Question

What energy (in MeV) alpha particle has a de Broglie wavelength equal to the diameter of ${\text{a}}^{238}\text{U}$nucleus?

Short answer

The energy of the alpha particle is$0.93\text{MeV}$.

Step-by-step solution

Step.1

Nuclear radius depends on mass number of nucleus as follows.

$R=r_0{A}^{1/3}$

Here, $r_0$is a constant $\left(r_0=1.2\text{fm}\right)$and $A$is mass number.

Substitute 1.2 fm for $r_0$and 238 for $A$, calculated the radius of${}^{238}\text{U}$ nucleus.

$\begin{array}{l}R=\left(1.2\text{fm}\right){\left(238\right)}^{1/3}\\ =7.43\text{fm}\end{array}$

Convert the unit for nuclear radius from fm to $m$.

$\begin{array}{l}R=7.43\text{fm}\\ =\left(7.43\text{fm}\right)\left(\frac{1.0\times {10}^{-15}\text{m}}{1.0\text{fm}}\right)\\ =7.43\times {10}^{-15}\text{m}\end{array}$

Diameter of the ${}^{238}\text{U}$nucleus is,

$\begin{array}{l}D=2R\\ =\left(2\right)\left(7.43\times {10}^{-15}\text{m}\right)\\ =14.86\times {10}^{-15}\text{m}\end{array}$

From the given data, the de Broglie wavelength of the$\alpha$ particle is equal to the diameter of the ${}^{238}\text{U}$nucleus.

Step.2

The de Broglie wavelength of alpha particle is,

$\lambda =\frac{h}{p}$

Here, $h$is Plank's constant and $p$is momentum.

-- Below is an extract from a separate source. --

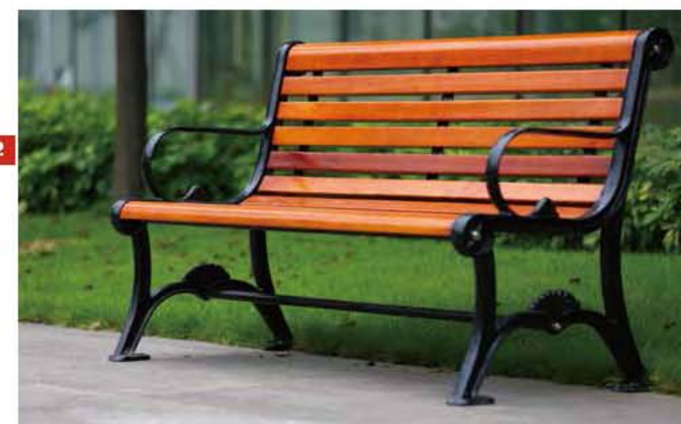
Antique garden wood bench / FW-02

Size: 1800*620*825mm Frame: cast iron leg (24/35kgs/pair) Seat: \Phi 16mm steel tube Surface treatment: ■ Derusting-spray zinc rich powder -electrostatic powder spray Powder: Akzo Nobel

Rewrite this equation for momentum,

$p=\frac{h}{\lambda }$

A moving $\alpha$particle has only kinetic energy, the relation between momentum and energy of the particle is,

$E=\frac{p^2}{2m}$

Substitute $\frac{h}{\lambda }$for $p$,

$\begin{array}{l}E=\frac{{\left(\frac{h}{\lambda }\right)}^2}{2m}\\ =\frac{h^2}{2{\lambda }^{2}m}\end{array}$

Step.3

Convert atomic mass of the $\alpha$particle from u to $\text{kg}$.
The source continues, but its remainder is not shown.